The accepted papers are summarized as follows:
1. Minyang Hu, Hong Chang, Zong Guo, Bingpeng Ma, Shiguang Shan, Xilin Chen. Understanding Few-Shot Learning: Measuring Task Relatedness and Adaptation Difficulty via Attributes.
Few-shot learning (FSL) aims to learn novel tasks with very few labeled samples by leveraging experience from related training tasks. In this paper, this paper tries to understand FSL by exploring two key questions: (1) How to quantify the relationship between training and novel tasks? (2) How does the relationship affect the adaptation difficulty on novel tasks for different models? To answer the first question, this paper proposes Task Attribute Distance (TAD) as a metric to quantify the task relatedness via attributes. Unlike other metrics, TAD is independent of models, making it applicable to different FSL models. To address the second question, this paper utilizes TAD metric to establish a theoretical connection between task relatedness and task adaptation difficulty. By deriving the generalization error bound on a novel task, this paper discovers how TAD measures the adaptation difficulty on novel tasks for different models. To validate our theoretical results, this paper conducts experiments on three benchmarks. Our experimental results confirm that TAD metric effectively quantifies the task relatedness and reflects the adaptation difficulty on novel tasks for various FSL methods, even if some of them do not learn attributes explicitly or human-annotated attributes are not provided.
Figure 1 Accuracy on novel tasks in term of average task distance.
2. Jiachen Liang, Ruibing Hou, Hong Chang, Bingpeng Ma, Shiguang Shan, Xilin Chen.

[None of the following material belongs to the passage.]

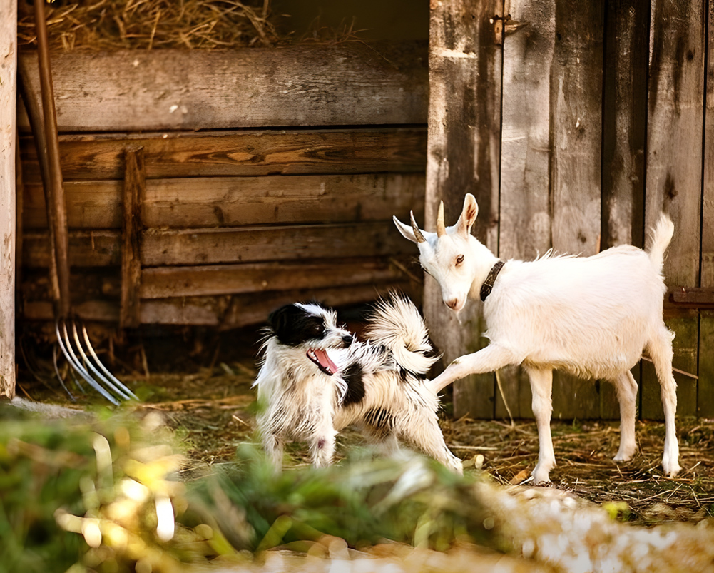 Хоть Дворовой и ухаживал иногда за животными, привязанности никому из них не испытывал, а дружеские отношения был способен поддерживать только с козлом и собакой. Факт этой дружбы говорит о «биполярочке» существа, ведь собака всегда являлась воплощением верности и добродушия, а вот образ козла имел негативную окраску. Добродушный Домовой так и вовсе козлов боится, даже присутствия их не выносит.

Generalized Semi-Supervised Learning via Self-Supervised Feature Adaptation.
Traditional semi-supervised learning (SSL) assumes that the feature distributions of labeled and unlabeled data are consistent which rarely holds for realistic scenarios. Here, this paper introduces a novel FDM-SSL setting to formalize the concept that feature distribution mismatch may appear between the labeled and unlabeled samples. Previous SSL methods mostly predict pseudo-labels with the current model, resulting in noise accumulation when the pseudo-labels are inaccurate. To tackle this issue, this paper proposes Self-Supervised Feature Adaptation (SSFA), a generic framework for improving SSL performance when labeled and unlabeled data come from different distributions. SSFA decouples the prediction of pseudo-labels from the current model to improve the quality of pseudo-labels. Particularly, SSFA incorporates a self-supervised task into the SSL framework and uses it to adapt the feature extractor of the model to the unlabeled data. In this way, the extracted features better fit the distribution of unlabeled data, thereby generating high-quality pseudo-labels. Extensive experiments show that our proposed SSFA is applicable to any pseudo-label-based SSL learner and significantly improves performance in labeled, unlabeled, and even unseen distributions.
Figure 2 Generalized Semi-Supervised Learning via Self-Supervised Feature Adaptation.

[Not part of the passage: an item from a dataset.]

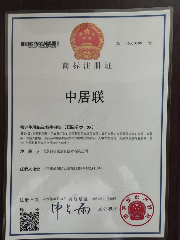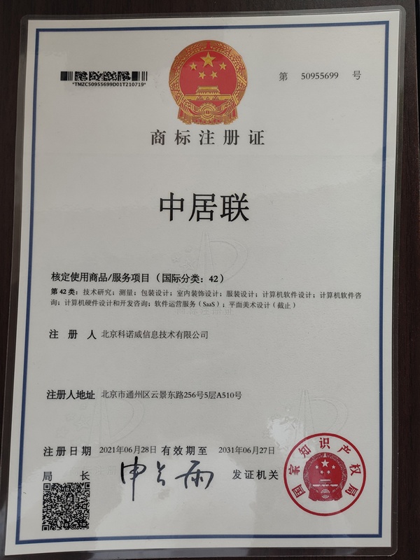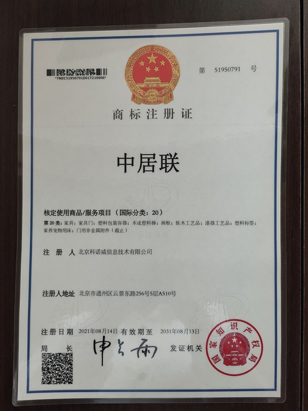 中居聯,英文名 China Custom Home Alliance 【CCHA】,曾用名:中國定制家居聯盟。中居聯隸屬于北京科諾威信息技術有限公司,品牌發起于2009年,中居聯非常重視品牌保護,旗下注冊商標如下:

3. Huiyang Shao, Qianqian Xu, Zhiyong Yang, Peisong Wen, Gao Peifeng, Qingming Huang. Weighted ROC Curve in Cost Space: Extending AUC to Cost-Sensitive Learning.

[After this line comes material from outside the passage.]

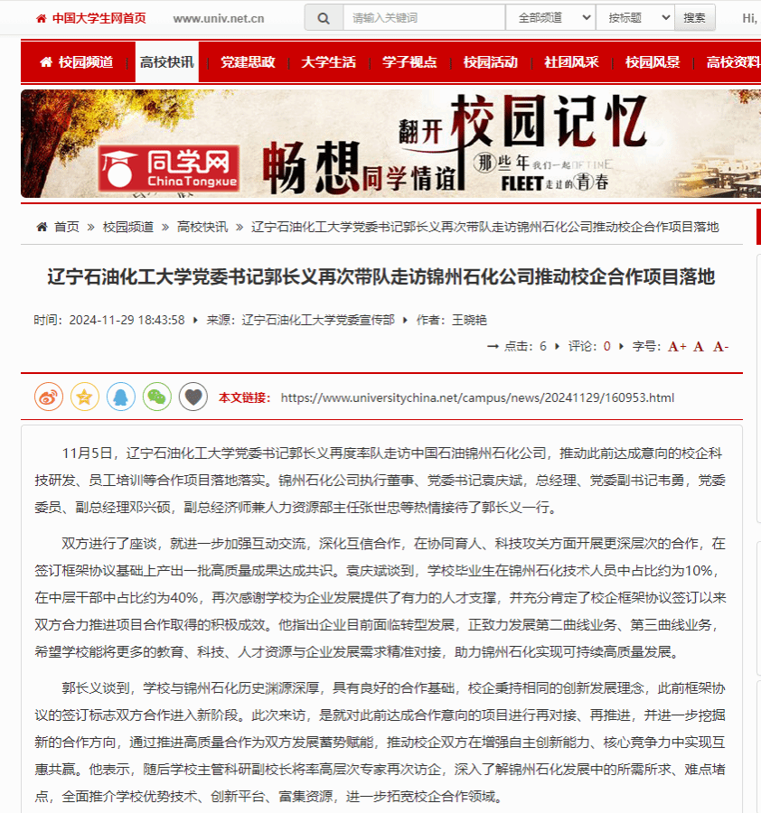 编者按:近日,学校党委书记郭长义再度率队走访中国石油锦州石化公司,推动此前达成意向的校企科技研发、员工培训等合作项目落地落实。中国大学生网、人民日报客户端•人民号、辽宁日报•辽望号、搜狐号对此进行了宣传报道。现将相关报道转载如下:

Receiver Operating Characteristics (ROC) is a commonly used tool to describe the trade-off between True Positive Rate (TPR) and False Positive Rate (FPR) of a scoring function. Area Under the Curve (AUC) is defined as the area under the ROC curve. This metric naturally measures the average classification performance under different thresholds and is widely employed. Similar to optimizing AUC, cost-sensitive learning is a prevalent method in data mining. Its primary objective is to incorporate the costs of misclassification into the model, making it more compatible with real-life scenarios. This paper aims to address the flexible cost demands of long-tailed datasets, requiring the development of a learning framework that is both (1) cost-sensitive and (2) robust to class distribution. Misclassification cost and AUC are commonly used indicators for (1) and (2). However, due to the limitations of their forms, models trained with AUC cannot be applied to cost-sensitive decision problems, while models trained with fixed costs are sensitive to shifts in class distribution. To tackle this issue, this paper proposes a novel scenario where costs are treated as a dataset to handle arbitrary unknown cost distributions. Additionally, this paper introduces a novel weighted version of AUC that incorporates the cost distribution into its calculation through decision thresholds. To formulate this scenario, this paper presents a novel two-layer optimization paradigm to bridge the gap between weighted AUC (WAUC) and costs. The inner problem approximates the optimal threshold from sampled costs, while the outer problem minimizes WAUC loss over the optimal threshold distribution. To optimize this bilevel paradigm, this paper employs a stochastic optimization algorithm (SACCL) with the same convergence rate (O(ε-4)) as stochastic gradient descent (SGD). Finally, experimental results demonstrate the superior performance of our algorithm compared to existing cost-sensitive learning methods and two-stage AUC decision approaches.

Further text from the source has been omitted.